- Assignment
Copy out the data that follows exactly, leaving out no line.

Collected data:
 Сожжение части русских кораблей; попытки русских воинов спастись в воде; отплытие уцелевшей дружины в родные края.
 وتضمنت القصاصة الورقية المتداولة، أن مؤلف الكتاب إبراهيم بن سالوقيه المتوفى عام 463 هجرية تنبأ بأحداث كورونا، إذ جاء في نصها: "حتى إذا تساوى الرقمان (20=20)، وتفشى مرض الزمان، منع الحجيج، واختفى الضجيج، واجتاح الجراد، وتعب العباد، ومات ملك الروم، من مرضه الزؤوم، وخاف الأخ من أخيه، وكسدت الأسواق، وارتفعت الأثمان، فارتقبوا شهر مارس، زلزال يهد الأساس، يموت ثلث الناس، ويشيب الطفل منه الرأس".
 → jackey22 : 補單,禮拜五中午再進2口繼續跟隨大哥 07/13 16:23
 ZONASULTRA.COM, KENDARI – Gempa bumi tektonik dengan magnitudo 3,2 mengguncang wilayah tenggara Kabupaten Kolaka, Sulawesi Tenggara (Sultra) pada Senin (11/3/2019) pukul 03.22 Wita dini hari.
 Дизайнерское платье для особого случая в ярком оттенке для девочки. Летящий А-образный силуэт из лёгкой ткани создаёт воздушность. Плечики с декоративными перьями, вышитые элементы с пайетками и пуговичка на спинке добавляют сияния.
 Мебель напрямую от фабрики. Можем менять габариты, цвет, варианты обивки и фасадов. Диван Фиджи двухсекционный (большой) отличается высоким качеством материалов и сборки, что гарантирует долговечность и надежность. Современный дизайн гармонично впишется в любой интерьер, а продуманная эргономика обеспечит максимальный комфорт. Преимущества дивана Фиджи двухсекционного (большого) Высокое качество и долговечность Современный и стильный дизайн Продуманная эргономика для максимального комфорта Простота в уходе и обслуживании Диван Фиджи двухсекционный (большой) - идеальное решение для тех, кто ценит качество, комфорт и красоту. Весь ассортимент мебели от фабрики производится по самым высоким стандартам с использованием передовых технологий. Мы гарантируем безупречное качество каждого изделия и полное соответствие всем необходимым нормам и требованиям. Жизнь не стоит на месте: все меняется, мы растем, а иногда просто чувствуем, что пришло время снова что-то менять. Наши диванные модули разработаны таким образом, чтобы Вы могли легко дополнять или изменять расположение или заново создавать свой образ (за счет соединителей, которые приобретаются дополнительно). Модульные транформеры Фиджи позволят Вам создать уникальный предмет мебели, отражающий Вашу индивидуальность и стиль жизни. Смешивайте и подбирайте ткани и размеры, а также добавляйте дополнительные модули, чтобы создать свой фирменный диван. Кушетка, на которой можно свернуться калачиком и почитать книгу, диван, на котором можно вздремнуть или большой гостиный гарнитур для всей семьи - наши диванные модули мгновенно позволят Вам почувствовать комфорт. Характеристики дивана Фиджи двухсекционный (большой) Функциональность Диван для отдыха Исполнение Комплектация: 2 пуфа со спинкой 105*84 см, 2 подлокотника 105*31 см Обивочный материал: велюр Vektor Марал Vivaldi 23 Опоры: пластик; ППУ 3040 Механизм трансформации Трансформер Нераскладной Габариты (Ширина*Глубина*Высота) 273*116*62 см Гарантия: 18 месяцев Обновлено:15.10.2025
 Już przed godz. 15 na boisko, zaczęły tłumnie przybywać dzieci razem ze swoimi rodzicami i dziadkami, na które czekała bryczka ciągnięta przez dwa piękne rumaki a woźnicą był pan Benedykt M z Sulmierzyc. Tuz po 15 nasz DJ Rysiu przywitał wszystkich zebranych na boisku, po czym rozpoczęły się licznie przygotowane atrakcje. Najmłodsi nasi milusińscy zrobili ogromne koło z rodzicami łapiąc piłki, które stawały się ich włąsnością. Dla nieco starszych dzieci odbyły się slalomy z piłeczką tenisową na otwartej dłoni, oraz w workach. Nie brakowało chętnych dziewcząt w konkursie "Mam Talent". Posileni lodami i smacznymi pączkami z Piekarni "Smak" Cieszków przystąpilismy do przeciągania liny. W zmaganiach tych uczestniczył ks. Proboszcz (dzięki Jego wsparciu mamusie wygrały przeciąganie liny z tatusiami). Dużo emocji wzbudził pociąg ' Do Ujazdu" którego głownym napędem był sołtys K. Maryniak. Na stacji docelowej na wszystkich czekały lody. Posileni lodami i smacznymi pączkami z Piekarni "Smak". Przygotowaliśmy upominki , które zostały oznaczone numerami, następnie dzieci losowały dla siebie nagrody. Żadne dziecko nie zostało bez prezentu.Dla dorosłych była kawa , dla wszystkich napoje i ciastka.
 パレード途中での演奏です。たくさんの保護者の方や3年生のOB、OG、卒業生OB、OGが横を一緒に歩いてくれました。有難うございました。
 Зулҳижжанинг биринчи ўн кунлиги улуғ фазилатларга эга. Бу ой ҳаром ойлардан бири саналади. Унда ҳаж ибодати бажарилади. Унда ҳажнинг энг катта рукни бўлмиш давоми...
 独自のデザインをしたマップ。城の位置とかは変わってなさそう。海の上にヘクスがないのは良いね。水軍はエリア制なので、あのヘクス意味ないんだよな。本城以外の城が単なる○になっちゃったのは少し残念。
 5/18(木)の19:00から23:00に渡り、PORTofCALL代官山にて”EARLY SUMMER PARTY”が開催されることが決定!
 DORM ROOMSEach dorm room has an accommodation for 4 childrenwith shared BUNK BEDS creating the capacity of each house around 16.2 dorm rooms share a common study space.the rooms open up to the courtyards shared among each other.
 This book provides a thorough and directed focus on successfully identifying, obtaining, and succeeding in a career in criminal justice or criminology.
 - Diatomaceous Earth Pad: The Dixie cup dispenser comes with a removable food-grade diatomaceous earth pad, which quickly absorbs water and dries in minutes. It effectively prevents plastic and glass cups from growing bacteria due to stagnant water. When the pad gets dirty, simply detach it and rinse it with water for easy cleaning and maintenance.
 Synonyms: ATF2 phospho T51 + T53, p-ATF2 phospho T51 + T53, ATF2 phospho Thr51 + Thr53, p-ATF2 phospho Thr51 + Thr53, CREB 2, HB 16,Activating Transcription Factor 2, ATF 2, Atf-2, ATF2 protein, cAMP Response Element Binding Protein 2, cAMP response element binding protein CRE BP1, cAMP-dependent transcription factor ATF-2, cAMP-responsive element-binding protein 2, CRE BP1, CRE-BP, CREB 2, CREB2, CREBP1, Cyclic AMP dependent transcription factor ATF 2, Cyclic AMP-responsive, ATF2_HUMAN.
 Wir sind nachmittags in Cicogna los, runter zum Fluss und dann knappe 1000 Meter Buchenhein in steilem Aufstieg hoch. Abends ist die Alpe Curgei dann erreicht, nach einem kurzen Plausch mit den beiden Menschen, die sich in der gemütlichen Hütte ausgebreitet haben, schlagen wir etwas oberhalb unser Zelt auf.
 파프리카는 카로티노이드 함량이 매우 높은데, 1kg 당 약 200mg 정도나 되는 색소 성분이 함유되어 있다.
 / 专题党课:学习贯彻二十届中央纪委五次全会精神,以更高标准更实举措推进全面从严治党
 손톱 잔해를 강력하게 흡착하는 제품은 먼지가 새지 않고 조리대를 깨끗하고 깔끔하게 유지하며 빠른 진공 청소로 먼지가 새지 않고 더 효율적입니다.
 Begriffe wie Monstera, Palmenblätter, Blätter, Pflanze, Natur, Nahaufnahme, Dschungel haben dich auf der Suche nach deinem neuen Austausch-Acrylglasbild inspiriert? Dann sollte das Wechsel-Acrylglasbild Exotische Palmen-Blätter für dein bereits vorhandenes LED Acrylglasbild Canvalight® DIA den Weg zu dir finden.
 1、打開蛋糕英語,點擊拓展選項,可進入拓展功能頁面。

- Exercise answer
 Сожжение части русских кораблей; попытки русских воинов спастись в воде; отплытие уцелевшей дружины в родные края.
 وتضمنت القصاصة الورقية المتداولة، أن مؤلف الكتاب إبراهيم بن سالوقيه المتوفى عام 463 هجرية تنبأ بأحداث كورونا، إذ جاء في نصها: "حتى إذا تساوى الرقمان (20=20)، وتفشى مرض الزمان، منع الحجيج، واختفى الضجيج، واجتاح الجراد، وتعب العباد، ومات ملك الروم، من مرضه الزؤوم، وخاف الأخ من أخيه، وكسدت الأسواق، وارتفعت الأثمان، فارتقبوا شهر مارس، زلزال يهد الأساس، يموت ثلث الناس، ويشيب الطفل منه الرأس".
 → jackey22 : 補單,禮拜五中午再進2口繼續跟隨大哥 07/13 16:23
 ZONASULTRA.COM, KENDARI – Gempa bumi tektonik dengan magnitudo 3,2 mengguncang wilayah tenggara Kabupaten Kolaka, Sulawesi Tenggara (Sultra) pada Senin (11/3/2019) pukul 03.22 Wita dini hari.
 Дизайнерское платье для особого случая в ярком оттенке для девочки. Летящий А-образный силуэт из лёгкой ткани создаёт воздушность. Плечики с декоративными перьями, вышитые элементы с пайетками и пуговичка на спинке добавляют сияния.
 Мебель напрямую от фабрики. Можем менять габариты, цвет, варианты обивки и фасадов. Диван Фиджи двухсекционный (большой) отличается высоким качеством материалов и сборки, что гарантирует долговечность и надежность. Современный дизайн гармонично впишется в любой интерьер, а продуманная эргономика обеспечит максимальный комфорт. Преимущества дивана Фиджи двухсекционного (большого) Высокое качество и долговечность Современный и стильный дизайн Продуманная эргономика для максимального комфорта Простота в уходе и обслуживании Диван Фиджи двухсекционный (большой) - идеальное решение для тех, кто ценит качество, комфорт и красоту. Весь ассортимент мебели от фабрики производится по самым высоким стандартам с использованием передовых технологий. Мы гарантируем безупречное качество каждого изделия и полное соответствие всем необходимым нормам и требованиям. Жизнь не стоит на месте: все меняется, мы растем, а иногда просто чувствуем, что пришло время снова что-то менять. Наши диванные модули разработаны таким образом, чтобы Вы могли легко дополнять или изменять расположение или заново создавать свой образ (за счет соединителей, которые приобретаются дополнительно). Модульные транформеры Фиджи позволят Вам создать уникальный предмет мебели, отражающий Вашу индивидуальность и стиль жизни. Смешивайте и подбирайте ткани и размеры, а также добавляйте дополнительные модули, чтобы создать свой фирменный диван. Кушетка, на которой можно свернуться калачиком и почитать книгу, диван, на котором можно вздремнуть или большой гостиный гарнитур для всей семьи - наши диванные модули мгновенно позволят Вам почувствовать комфорт. Характеристики дивана Фиджи двухсекционный (большой) Функциональность Диван для отдыха Исполнение Комплектация: 2 пуфа со спинкой 105*84 см, 2 подлокотника 105*31 см Обивочный материал: велюр Vektor Марал Vivaldi 23 Опоры: пластик; ППУ 3040 Механизм трансформации Трансформер Нераскладной Габариты (Ширина*Глубина*Высота) 273*116*62 см Гарантия: 18 месяцев Обновлено:15.10.2025
 Już przed godz. 15 na boisko, zaczęły tłumnie przybywać dzieci razem ze swoimi rodzicami i dziadkami, na które czekała bryczka ciągnięta przez dwa piękne rumaki a woźnicą był pan Benedykt M z Sulmierzyc. Tuz po 15 nasz DJ Rysiu przywitał wszystkich zebranych na boisku, po czym rozpoczęły się licznie przygotowane atrakcje. Najmłodsi nasi milusińscy zrobili ogromne koło z rodzicami łapiąc piłki, które stawały się ich włąsnością. Dla nieco starszych dzieci odbyły się slalomy z piłeczką tenisową na otwartej dłoni, oraz w workach. Nie brakowało chętnych dziewcząt w konkursie "Mam Talent". Posileni lodami i smacznymi pączkami z Piekarni "Smak" Cieszków przystąpilismy do przeciągania liny. W zmaganiach tych uczestniczył ks. Proboszcz (dzięki Jego wsparciu mamusie wygrały przeciąganie liny z tatusiami). Dużo emocji wzbudził pociąg ' Do Ujazdu" którego głownym napędem był sołtys K. Maryniak. Na stacji docelowej na wszystkich czekały lody. Posileni lodami i smacznymi pączkami z Piekarni "Smak". Przygotowaliśmy upominki , które zostały oznaczone numerami, następnie dzieci losowały dla siebie nagrody. Żadne dziecko nie zostało bez prezentu.Dla dorosłych była kawa , dla wszystkich napoje i ciastka.
 パレード途中での演奏です。たくさんの保護者の方や3年生のOB、OG、卒業生OB、OGが横を一緒に歩いてくれました。有難うございました。
 Зулҳижжанинг биринчи ўн кунлиги улуғ фазилатларга эга. Бу ой ҳаром ойлардан бири саналади. Унда ҳаж ибодати бажарилади. Унда ҳажнинг энг катта рукни бўлмиш давоми...
 独自のデザインをしたマップ。城の位置とかは変わってなさそう。海の上にヘクスがないのは良いね。水軍はエリア制なので、あのヘクス意味ないんだよな。本城以外の城が単なる○になっちゃったのは少し残念。
 5/18(木)の19:00から23:00に渡り、PORTofCALL代官山にて”EARLY SUMMER PARTY”が開催されることが決定!
 DORM ROOMSEach dorm room has an accommodation for 4 childrenwith shared BUNK BEDS creating the capacity of each house around 16.2 dorm rooms share a common study space.the rooms open up to the courtyards shared among each other.
 This book provides a thorough and directed focus on successfully identifying, obtaining, and succeeding in a career in criminal justice or criminology.
 - Diatomaceous Earth Pad: The Dixie cup dispenser comes with a removable food-grade diatomaceous earth pad, which quickly absorbs water and dries in minutes. It effectively prevents plastic and glass cups from growing bacteria due to stagnant water. When the pad gets dirty, simply detach it and rinse it with water for easy cleaning and maintenance.
 Synonyms: ATF2 phospho T51 + T53, p-ATF2 phospho T51 + T53, ATF2 phospho Thr51 + Thr53, p-ATF2 phospho Thr51 + Thr53, CREB 2, HB 16,Activating Transcription Factor 2, ATF 2, Atf-2, ATF2 protein, cAMP Response Element Binding Protein 2, cAMP response element binding protein CRE BP1, cAMP-dependent transcription factor ATF-2, cAMP-responsive element-binding protein 2, CRE BP1, CRE-BP, CREB 2, CREB2, CREBP1, Cyclic AMP dependent transcription factor ATF 2, Cyclic AMP-responsive, ATF2_HUMAN.
 Wir sind nachmittags in Cicogna los, runter zum Fluss und dann knappe 1000 Meter Buchenhein in steilem Aufstieg hoch. Abends ist die Alpe Curgei dann erreicht, nach einem kurzen Plausch mit den beiden Menschen, die sich in der gemütlichen Hütte ausgebreitet haben, schlagen wir etwas oberhalb unser Zelt auf.
 파프리카는 카로티노이드 함량이 매우 높은데, 1kg 당 약 200mg 정도나 되는 색소 성분이 함유되어 있다.
 / 专题党课:学习贯彻二十届中央纪委五次全会精神,以更高标准更实举措推进全面从严治党
 손톱 잔해를 강력하게 흡착하는 제품은 먼지가 새지 않고 조리대를 깨끗하고 깔끔하게 유지하며 빠른 진공 청소로 먼지가 새지 않고 더 효율적입니다.
 Begriffe wie Monstera, Palmenblätter, Blätter, Pflanze, Natur, Nahaufnahme, Dschungel haben dich auf der Suche nach deinem neuen Austausch-Acrylglasbild inspiriert? Dann sollte das Wechsel-Acrylglasbild Exotische Palmen-Blätter für dein bereits vorhandenes LED Acrylglasbild Canvalight® DIA den Weg zu dir finden.
 1、打開蛋糕英語,點擊拓展選項,可進入拓展功能頁面。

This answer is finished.